Dataset excerpts

##############################

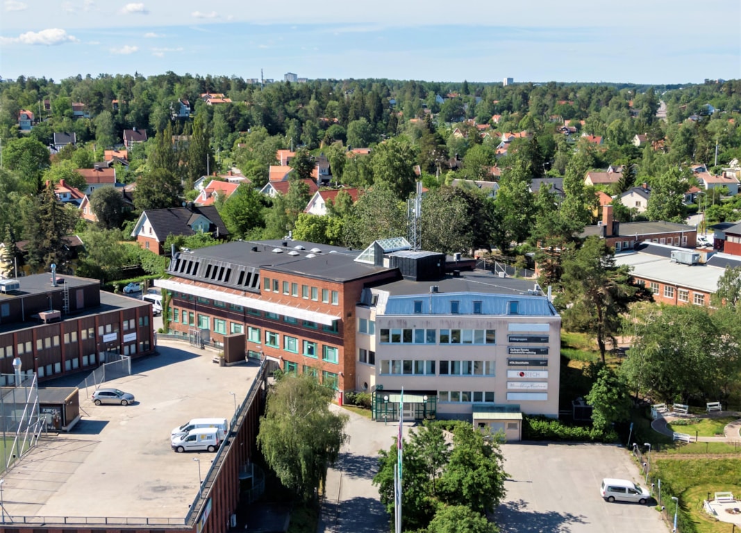 Denna kontorsbyggnad uppfördes redan 1950, men genomgick en omfattande ombyggnad 1990.
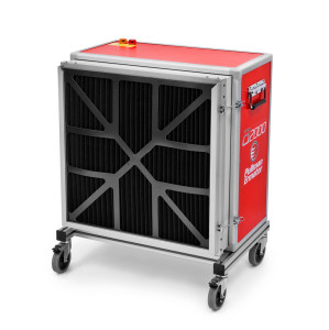 Flöde, 2000m3/tim. Kan köras i två hastigheter. H13-filtret som klarar asbest kraven och är försett med petskydd. Utrustad med dubbla varningslampor med signal. Röd lampa för läckage – trasigt filter, orange lampa för igensatt filter 90%. Luftutblåset är riktat 90º från inloppet och försedd med utloppsstos på Ø160mm, för anslutning av evakueringsslang (max 8m). Hjulen är av ”non marking-type”, punkteringsfria samt låsbara. Luftrenaren är som standard utrustad med timräknare och extra eluttag.
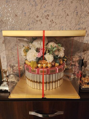 Qutusu ilə birlikdə. Mərkəzdə süni çiçəklərdən (ağ xrizantema, açıq çəhrayı qızılgül və yaşıl yarpaqlar) ibarət dekorativ buket.Yan tərəfdə qızılı və gümüşü folqa ilə bükülmüş konfetlərdən hazırlanmış “üzüm salxımı” dekoru.
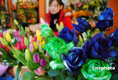二月十三日,西方情人節(jié)將至,僑鄉(xiāng)泉州城大大小小花店迎來銷售高潮,由昆明引進的五彩玫瑰尤其受到僑鄉(xiāng)青年的青睞。中新社發(fā) 傅丹丹 攝
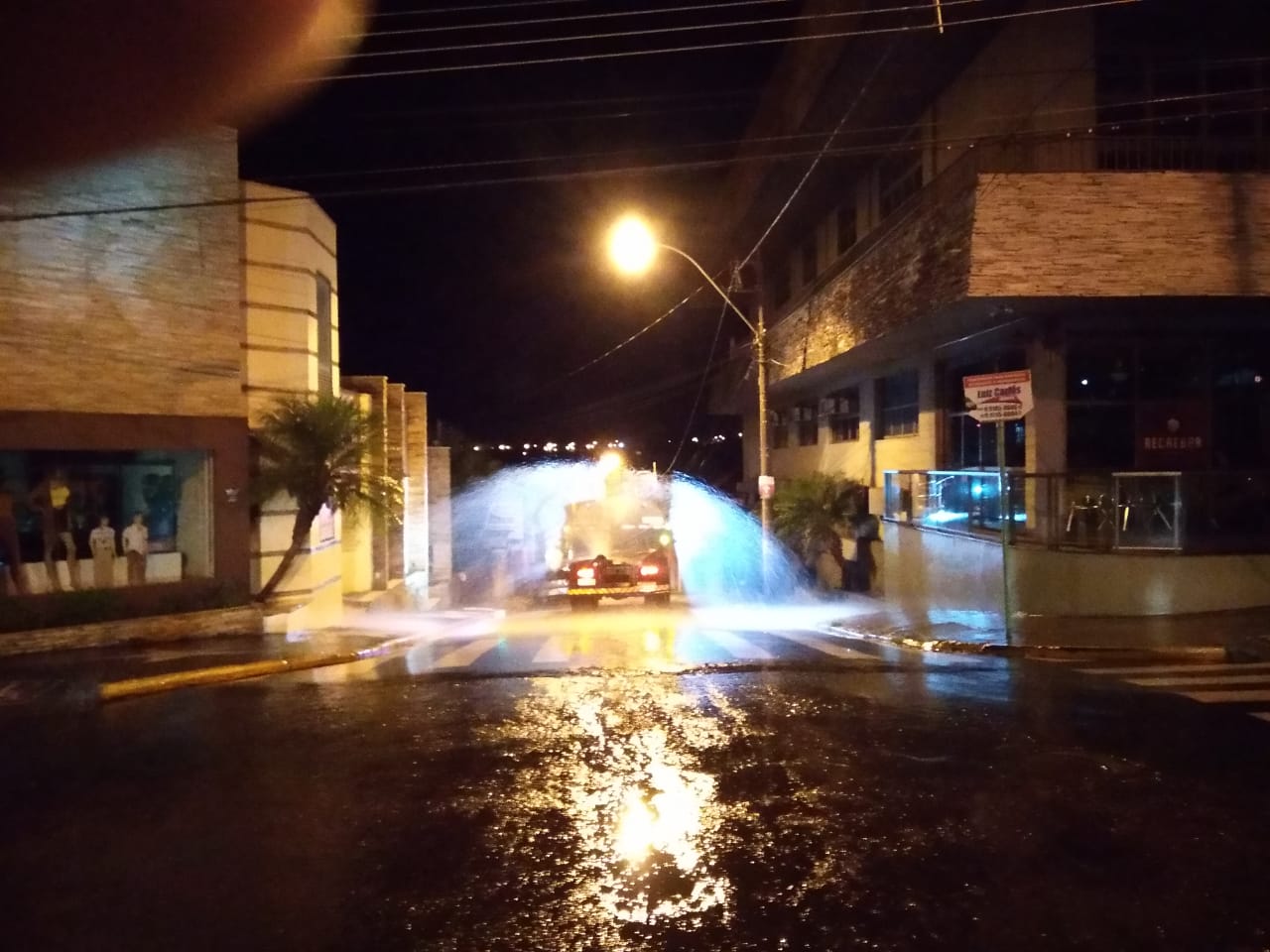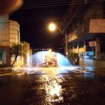 Essa higienização que está sendo feita com uso de máquinas costais e pulverizadoras com o auxílio de caminhões pipas, é feita com hipoclorito ativo e serve para combater o coronavírus. Ela é supervisionada pela equipe de Vigilância Sanitária da Diretoria de Saúde do Município.
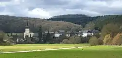 The historical village centre can be found tightly grouped about the church, but there is a newer centre in the village over on a slope. Running from there from the place where the dale broadens out is a farm lane leading to the outlying farmsteads (Aussiedlerhöfe) and then on towards Gösenroth, which follows an old Schmidtburg Ritter- und Pfaffenstraße (“knight and parson road” – those two social classes were then particularly mobile), which likely was already used in Roman times, and which later served as one of the most important transport links between the castles on the Nahe and the Moselle.
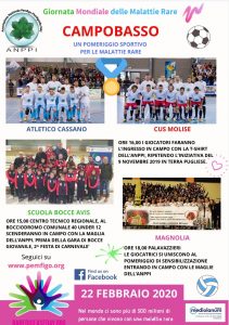 L’ANPPI, attraverso lo sport, abbinerà il lungo pomeriggio sportivo del capoluogo molisano alla sensibilizzazione delle malattie rare, pubblicizzando il Progetto Networkcare.
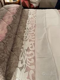 Lenzuolo matrimoniale lino a intaglio

##############################

Each record above should be restated word for word. The pictures should not appear.

 Denna kontorsbyggnad uppfördes redan 1950, men genomgick en omfattande ombyggnad 1990.
 Flöde, 2000m3/tim. Kan köras i två hastigheter. H13-filtret som klarar asbest kraven och är försett med petskydd. Utrustad med dubbla varningslampor med signal. Röd lampa för läckage – trasigt filter, orange lampa för igensatt filter 90%. Luftutblåset är riktat 90º från inloppet och försedd med utloppsstos på Ø160mm, för anslutning av evakueringsslang (max 8m). Hjulen är av ”non marking-type”, punkteringsfria samt låsbara. Luftrenaren är som standard utrustad med timräknare och extra eluttag.
 Qutusu ilə birlikdə. Mərkəzdə süni çiçəklərdən (ağ xrizantema, açıq çəhrayı qızılgül və yaşıl yarpaqlar) ibarət dekorativ buket.Yan tərəfdə qızılı və gümüşü folqa ilə bükülmüş konfetlərdən hazırlanmış “üzüm salxımı” dekoru.
二月十三日,西方情人節(jié)將至,僑鄉(xiāng)泉州城大大小小花店迎來銷售高潮,由昆明引進的五彩玫瑰尤其受到僑鄉(xiāng)青年的青睞。中新社發(fā) 傅丹丹 攝
 Essa higienização que está sendo feita com uso de máquinas costais e pulverizadoras com o auxílio de caminhões pipas, é feita com hipoclorito ativo e serve para combater o coronavírus. Ela é supervisionada pela equipe de Vigilância Sanitária da Diretoria de Saúde do Município.
 The historical village centre can be found tightly grouped about the church, but there is a newer centre in the village over on a slope. Running from there from the place where the dale broadens out is a farm lane leading to the outlying farmsteads (Aussiedlerhöfe) and then on towards Gösenroth, which follows an old Schmidtburg Ritter- und Pfaffenstraße (“knight and parson road” – those two social classes were then particularly mobile), which likely was already used in Roman times, and which later served as one of the most important transport links between the castles on the Nahe and the Moselle.
 L’ANPPI, attraverso lo sport, abbinerà il lungo pomeriggio sportivo del capoluogo molisano alla sensibilizzazione delle malattie rare, pubblicizzando il Progetto Networkcare.
 Lenzuolo matrimoniale lino a intaglio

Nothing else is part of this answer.